» Exercise aim: Somewhere below, one line contains "Was the OP justified" and a later line contains "当地时间2日晚,以色列示威游行仍在继续 《以色列时报》". Output those two lines and everything between them exactly, and nothing else.

» Material to process:
* * *

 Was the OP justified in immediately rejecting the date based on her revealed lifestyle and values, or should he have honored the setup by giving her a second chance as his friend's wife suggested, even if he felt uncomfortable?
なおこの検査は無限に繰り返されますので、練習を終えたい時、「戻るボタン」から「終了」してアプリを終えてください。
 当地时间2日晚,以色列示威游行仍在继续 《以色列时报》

* * *

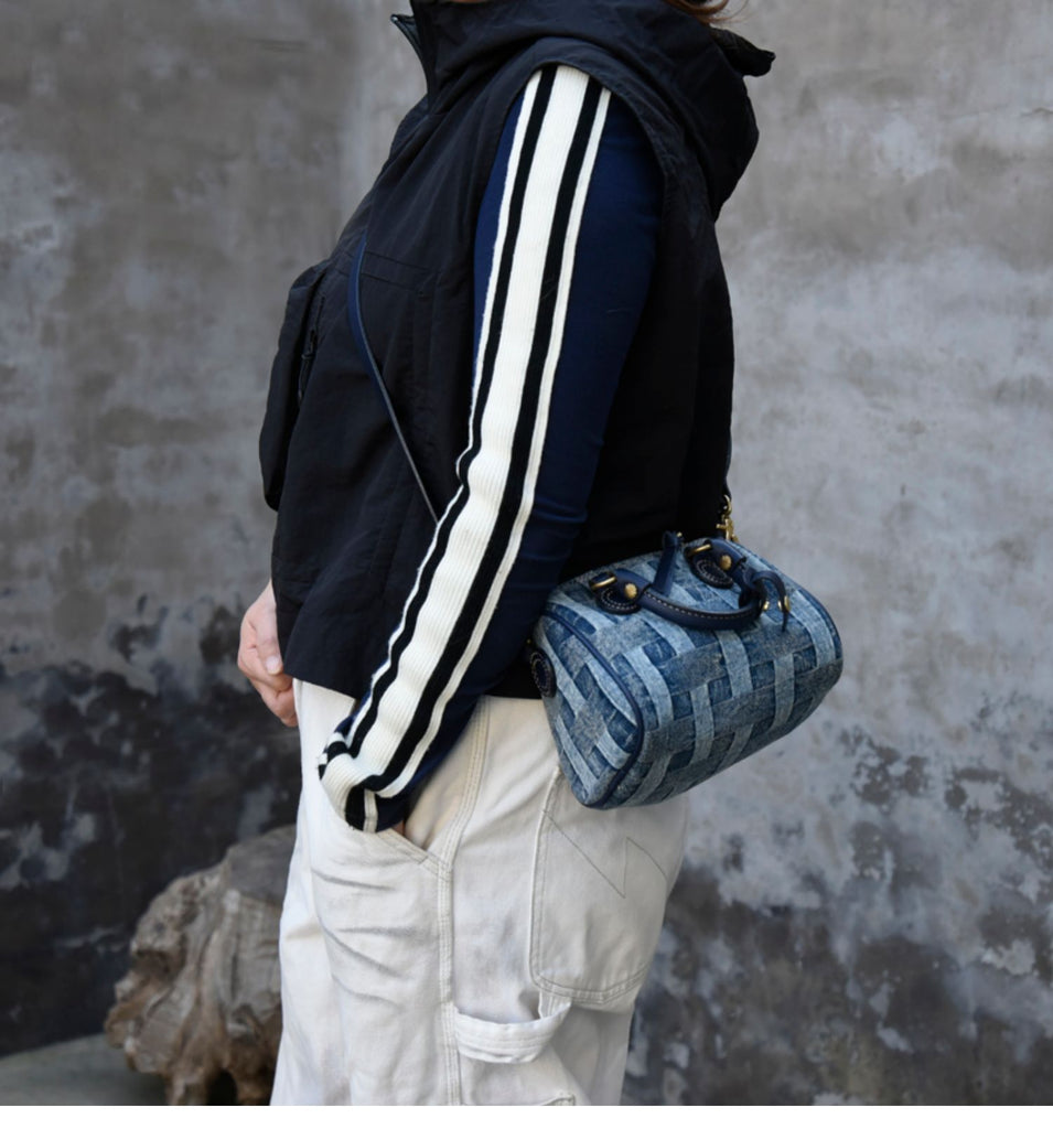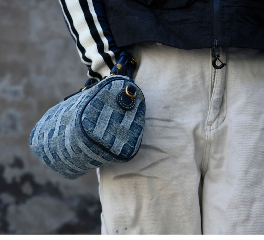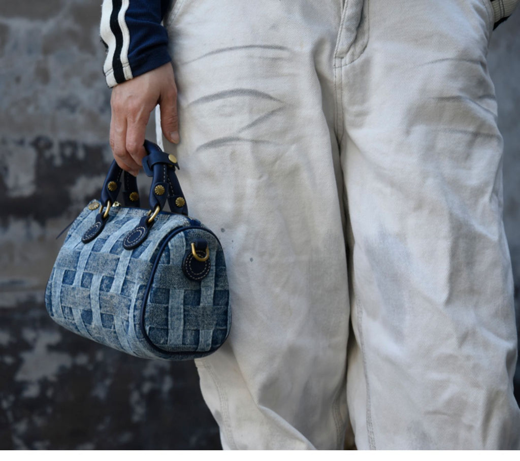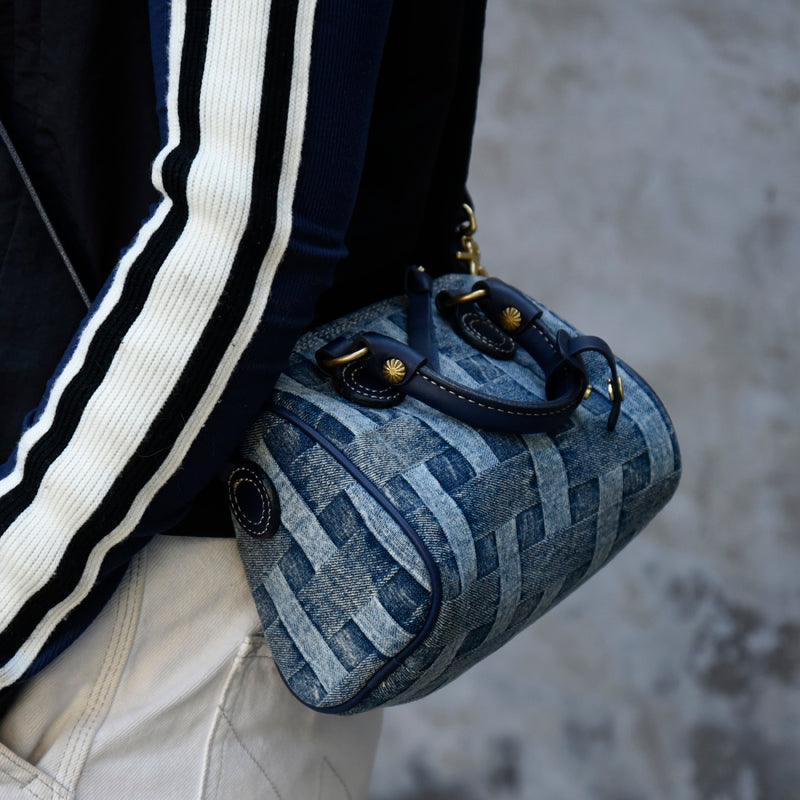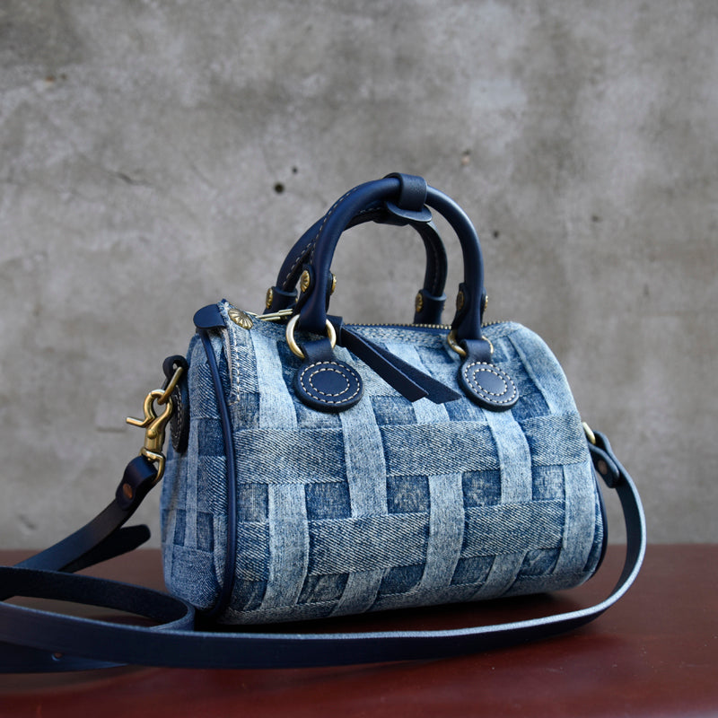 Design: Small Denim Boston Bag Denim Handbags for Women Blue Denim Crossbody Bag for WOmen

* * *

» Answer to this task:
 Was the OP justified in immediately rejecting the date based on her revealed lifestyle and values, or should he have honored the setup by giving her a second chance as his friend's wife suggested, even if he felt uncomfortable?
なおこの検査は無限に繰り返されますので、練習を終えたい時、「戻るボタン」から「終了」してアプリを終えてください。
 当地时间2日晚,以色列示威游行仍在继续 《以色列时报》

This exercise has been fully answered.